University of Minnesota
minnesota writing project
center for writing

Minnesota Writing Project.Center for Writing's home page.

Ann Johnson

© 2007

Ann Johnson writingMotorboat Races

Stupid Cow.

Doesn’t she see how talented I am?  I am so much better than Julie—she can’t even sing.  Who would give her that part over me?  Now I’m stuck as Screaming Teenager #3 or something, and we all have to listen to Julie squawk away at this song that is too high for her.
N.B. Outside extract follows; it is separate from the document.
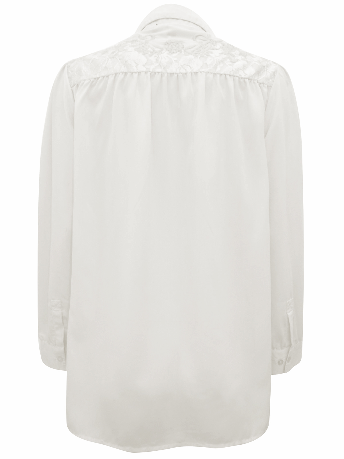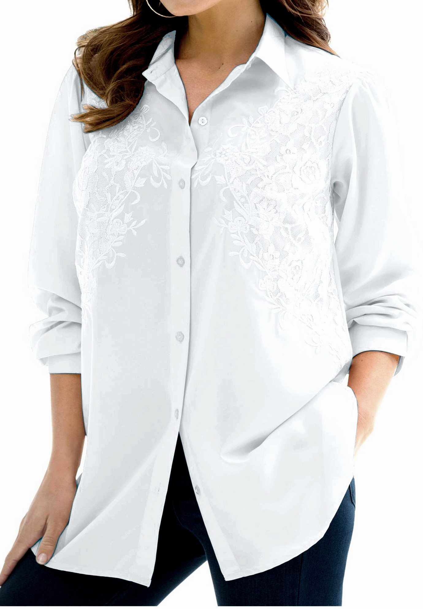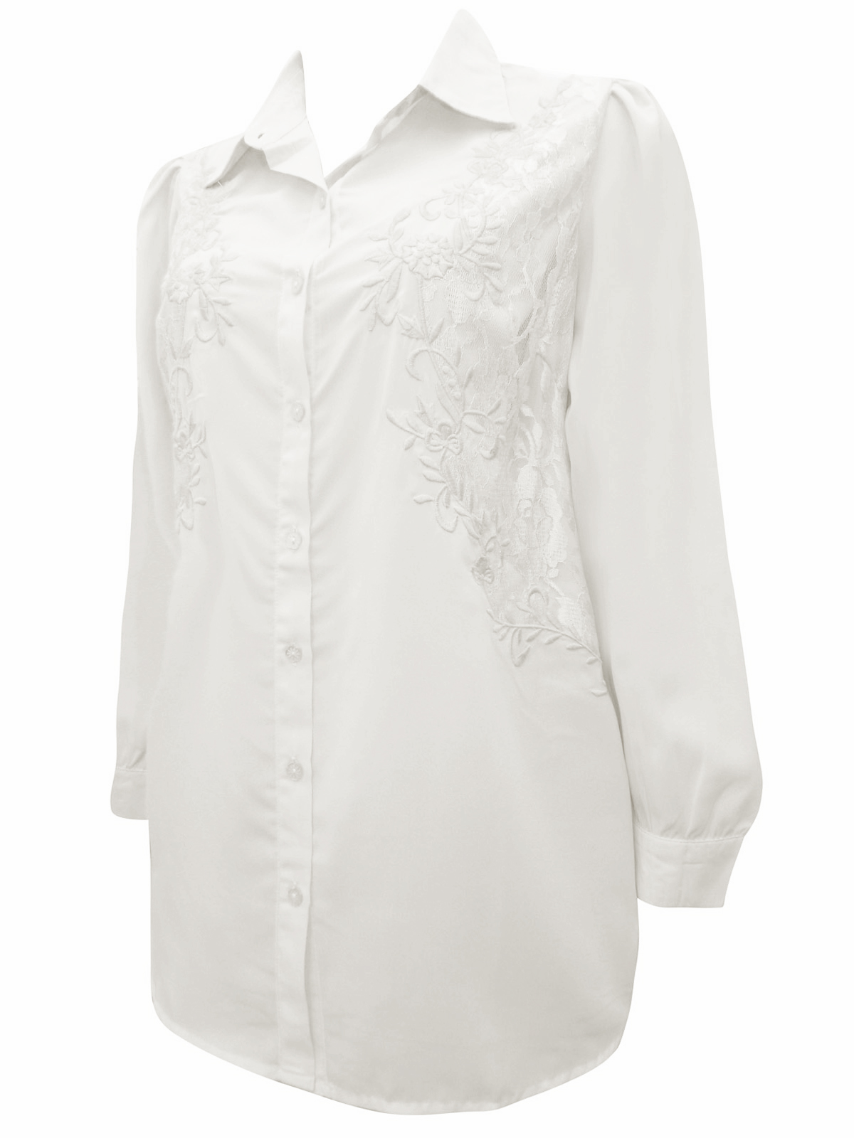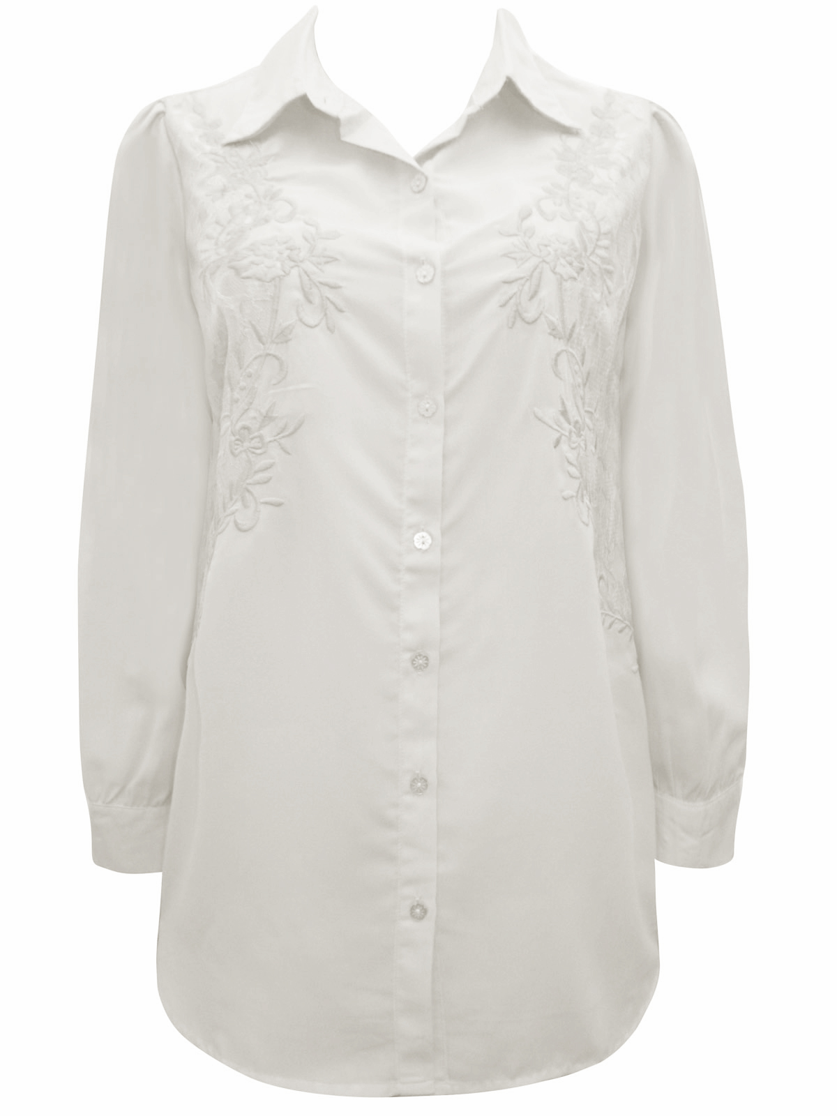 Plus size longline shirt with a classic collar and button through fastening. Long sleeves with single cuffs and ruched detail. Embroidered design to the yoke. Curved hem.

OK, fine.  Julie is better on stage than I am.  She has presence or some crap like that, and I sounded nervous in my audition.  Well, I’M SHY!  Miss Sage is the teacher, isn’t she supposed to see that I have potential?  I’m clearly one of the better singers up here and I know I have more inside of me, it just isn’t coming out right now.  Miss Sage, that’s a laugh. All right, Kelsey and Melissa are better than I am, and Nicole got the lead so she obviously is, but I’m still better than a lot of people.  At least I’m better than Julie.


Oh, who am I kidding?  I sounded like a trembling chicken in the audition.  Julie wasn’t the only one squawking—but at least I sounded like a pleasant chicken.  Julie’s voice is so grating.  She must be awesome at shredding cheese.


That wasn’t nice.  I’m a terrible person.  Julie has been my friend since we were six or something.  Eleven years ought to inspire some kind of loyalty from me.  But, she’s good at everything!  Why can’t she let me have something?  She’s the captain of the volleyball and basketball teams, a superstar at track, really smart—she’s going to be the valedictorian—and all the teachers love her, she’s never without a boyfriend, and she’s skinny.  My duvet is less fluffy than I am.  She ought to be totally cocky and unbearable with all of these qualities, but she’s really nice.  She never even talks bad about people.  Stupid bitch.

[big sigh]

I’m going to hell.  Why can’t I be nicer?  I should be nicer.  That’s it, I will be.  I am done being mad at Julie for getting the part that I should have had, even though I totally would have been better.  Everyone would finally have seen how talented I am.            

Wait; wasn’t I trying to be nicer? 

Crap.  Bad start. 

She deserves her part; she’s worked hard for it.  She had to suffer through three years of high school musicals where she was a singing tree stump, just like the rest of us.  Except her tree stump usually had lines or a solo. 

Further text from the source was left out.